● **What you will do**
Begin at the top of the records below and return each line exactly through the line with "GC-8350 - Ferro". Skip pictures.

● **Records**
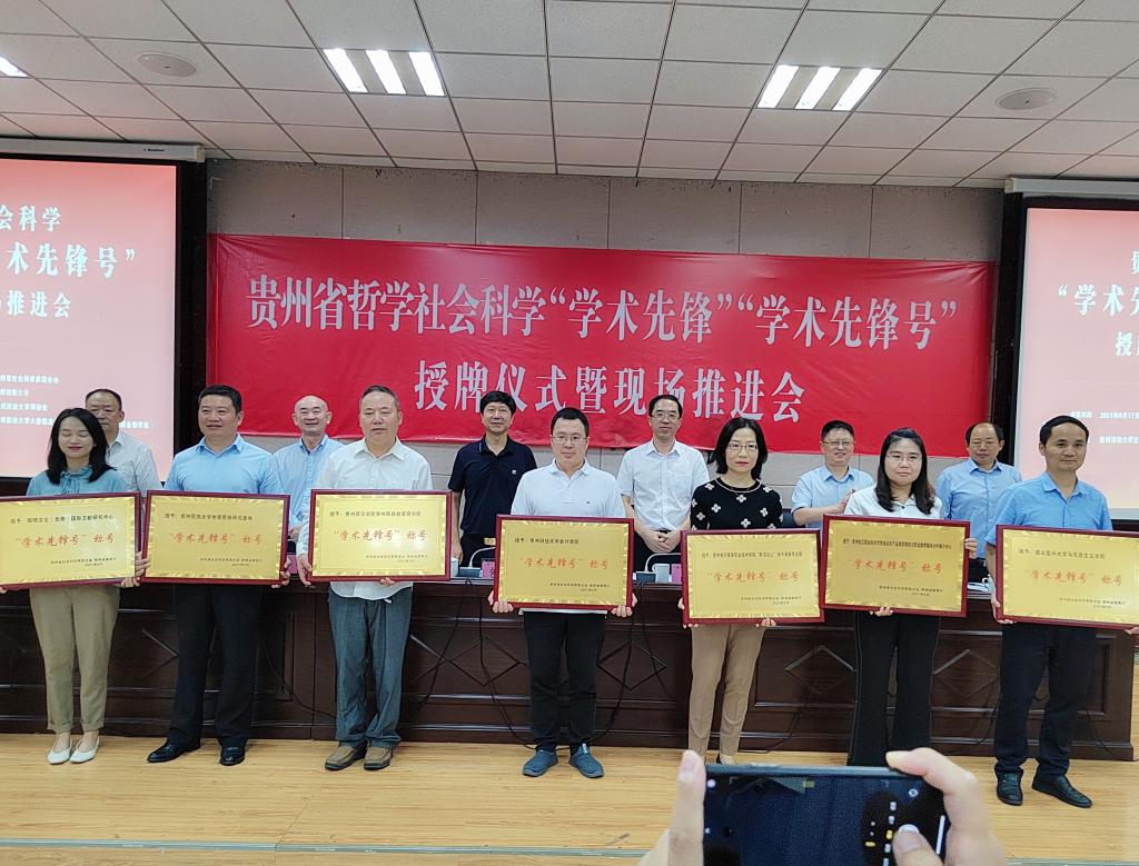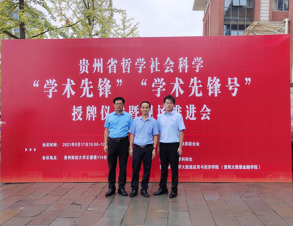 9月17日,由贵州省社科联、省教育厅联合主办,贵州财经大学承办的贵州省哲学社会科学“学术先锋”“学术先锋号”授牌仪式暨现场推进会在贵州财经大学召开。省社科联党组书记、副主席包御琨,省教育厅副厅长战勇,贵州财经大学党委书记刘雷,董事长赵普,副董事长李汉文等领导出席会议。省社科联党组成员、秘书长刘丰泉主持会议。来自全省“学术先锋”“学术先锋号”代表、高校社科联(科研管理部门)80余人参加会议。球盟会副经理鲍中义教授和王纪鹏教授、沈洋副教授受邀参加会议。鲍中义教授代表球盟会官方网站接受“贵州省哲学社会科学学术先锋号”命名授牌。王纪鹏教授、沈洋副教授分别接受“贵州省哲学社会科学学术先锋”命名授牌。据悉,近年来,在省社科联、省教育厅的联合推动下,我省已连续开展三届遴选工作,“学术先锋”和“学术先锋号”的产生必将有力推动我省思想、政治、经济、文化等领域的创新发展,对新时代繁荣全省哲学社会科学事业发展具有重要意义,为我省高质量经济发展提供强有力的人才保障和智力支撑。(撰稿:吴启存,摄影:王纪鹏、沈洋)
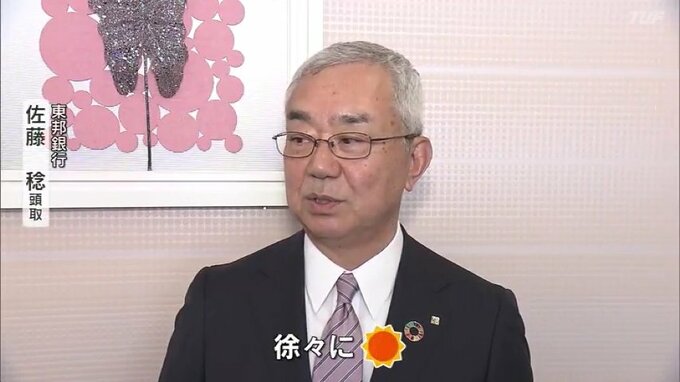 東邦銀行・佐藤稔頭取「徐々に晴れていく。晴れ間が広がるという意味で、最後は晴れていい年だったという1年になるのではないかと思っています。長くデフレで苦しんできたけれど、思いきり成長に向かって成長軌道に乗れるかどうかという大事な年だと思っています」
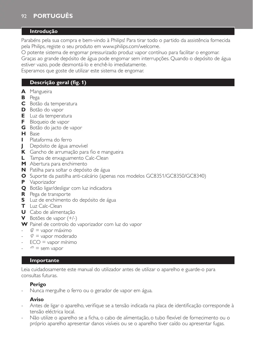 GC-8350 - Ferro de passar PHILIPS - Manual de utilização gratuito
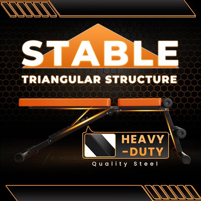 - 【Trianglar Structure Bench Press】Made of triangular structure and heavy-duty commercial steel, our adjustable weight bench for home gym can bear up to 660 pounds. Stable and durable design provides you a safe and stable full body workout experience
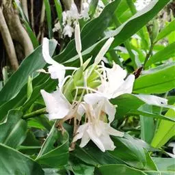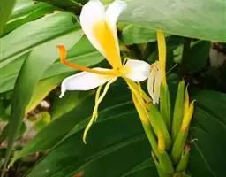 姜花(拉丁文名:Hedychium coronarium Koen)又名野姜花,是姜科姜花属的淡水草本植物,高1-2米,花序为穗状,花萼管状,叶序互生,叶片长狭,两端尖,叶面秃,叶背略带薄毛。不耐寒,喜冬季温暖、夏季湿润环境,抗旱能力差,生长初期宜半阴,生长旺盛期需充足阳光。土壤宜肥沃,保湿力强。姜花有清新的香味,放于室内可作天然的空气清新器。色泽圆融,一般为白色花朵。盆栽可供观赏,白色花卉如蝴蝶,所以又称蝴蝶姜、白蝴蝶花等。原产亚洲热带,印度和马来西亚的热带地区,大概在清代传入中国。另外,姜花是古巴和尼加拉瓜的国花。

● **Answer box**
 9月17日,由贵州省社科联、省教育厅联合主办,贵州财经大学承办的贵州省哲学社会科学“学术先锋”“学术先锋号”授牌仪式暨现场推进会在贵州财经大学召开。省社科联党组书记、副主席包御琨,省教育厅副厅长战勇,贵州财经大学党委书记刘雷,董事长赵普,副董事长李汉文等领导出席会议。省社科联党组成员、秘书长刘丰泉主持会议。来自全省“学术先锋”“学术先锋号”代表、高校社科联(科研管理部门)80余人参加会议。球盟会副经理鲍中义教授和王纪鹏教授、沈洋副教授受邀参加会议。鲍中义教授代表球盟会官方网站接受“贵州省哲学社会科学学术先锋号”命名授牌。王纪鹏教授、沈洋副教授分别接受“贵州省哲学社会科学学术先锋”命名授牌。据悉,近年来,在省社科联、省教育厅的联合推动下,我省已连续开展三届遴选工作,“学术先锋”和“学术先锋号”的产生必将有力推动我省思想、政治、经济、文化等领域的创新发展,对新时代繁荣全省哲学社会科学事业发展具有重要意义,为我省高质量经济发展提供强有力的人才保障和智力支撑。(撰稿:吴启存,摄影:王纪鹏、沈洋)
 東邦銀行・佐藤稔頭取「徐々に晴れていく。晴れ間が広がるという意味で、最後は晴れていい年だったという1年になるのではないかと思っています。長くデフレで苦しんできたけれど、思いきり成長に向かって成長軌道に乗れるかどうかという大事な年だと思っています」
 GC-8350 - Ferro de passar PHILIPS - Manual de utilização gratuito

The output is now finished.